+++ Supplied material +++
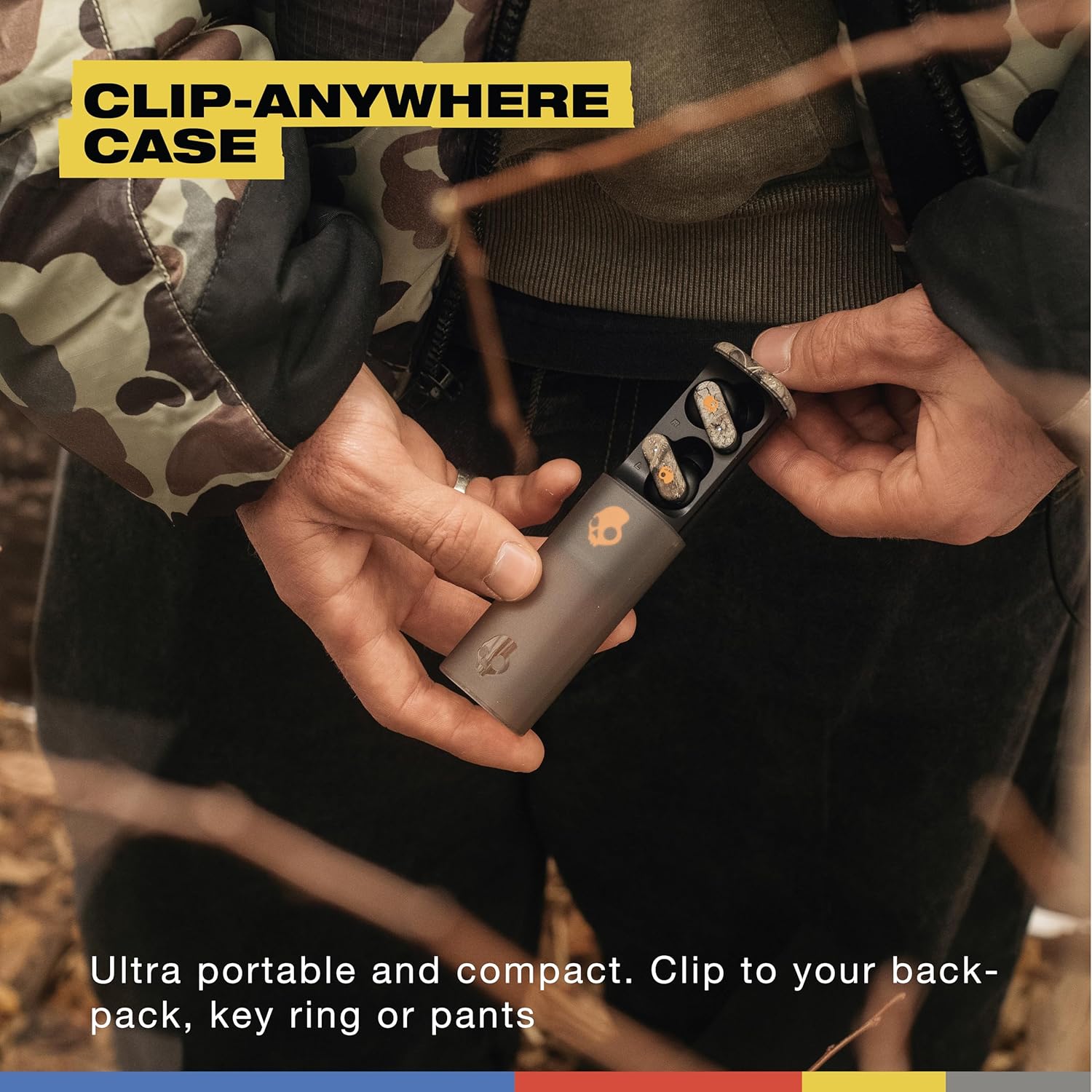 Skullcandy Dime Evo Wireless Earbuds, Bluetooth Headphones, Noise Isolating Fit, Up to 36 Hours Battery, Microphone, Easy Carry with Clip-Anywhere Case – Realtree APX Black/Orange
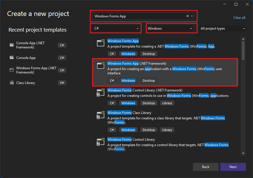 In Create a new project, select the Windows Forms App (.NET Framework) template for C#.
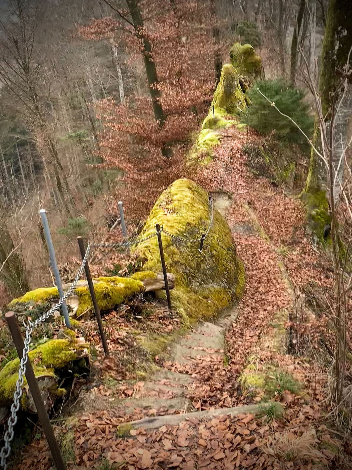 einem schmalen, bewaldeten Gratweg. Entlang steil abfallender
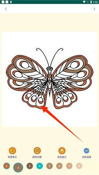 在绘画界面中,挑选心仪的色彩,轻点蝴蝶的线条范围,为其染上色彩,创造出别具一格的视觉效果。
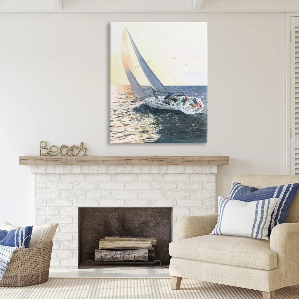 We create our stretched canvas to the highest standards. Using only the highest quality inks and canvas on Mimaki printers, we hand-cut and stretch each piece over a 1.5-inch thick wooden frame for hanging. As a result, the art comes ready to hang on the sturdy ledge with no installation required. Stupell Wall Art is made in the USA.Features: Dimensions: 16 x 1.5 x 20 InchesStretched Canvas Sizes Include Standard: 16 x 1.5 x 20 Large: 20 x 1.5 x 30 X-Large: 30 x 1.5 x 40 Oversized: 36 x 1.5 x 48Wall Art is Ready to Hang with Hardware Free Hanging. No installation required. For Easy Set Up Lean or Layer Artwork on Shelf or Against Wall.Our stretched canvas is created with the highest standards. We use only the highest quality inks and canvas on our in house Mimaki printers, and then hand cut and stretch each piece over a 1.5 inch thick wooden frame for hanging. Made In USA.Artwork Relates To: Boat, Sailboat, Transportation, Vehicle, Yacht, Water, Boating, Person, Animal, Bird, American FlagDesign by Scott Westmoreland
+++
Work instruction – Skip every picture and return the lines above from the top through the one that contains "在绘画界面中,挑选心仪的色彩".

Expected answer –
 Skullcandy Dime Evo Wireless Earbuds, Bluetooth Headphones, Noise Isolating Fit, Up to 36 Hours Battery, Microphone, Easy Carry with Clip-Anywhere Case – Realtree APX Black/Orange
 In Create a new project, select the Windows Forms App (.NET Framework) template for C#.
 einem schmalen, bewaldeten Gratweg. Entlang steil abfallender
 在绘画界面中,挑选心仪的色彩,轻点蝴蝶的线条范围,为其染上色彩,创造出别具一格的视觉效果。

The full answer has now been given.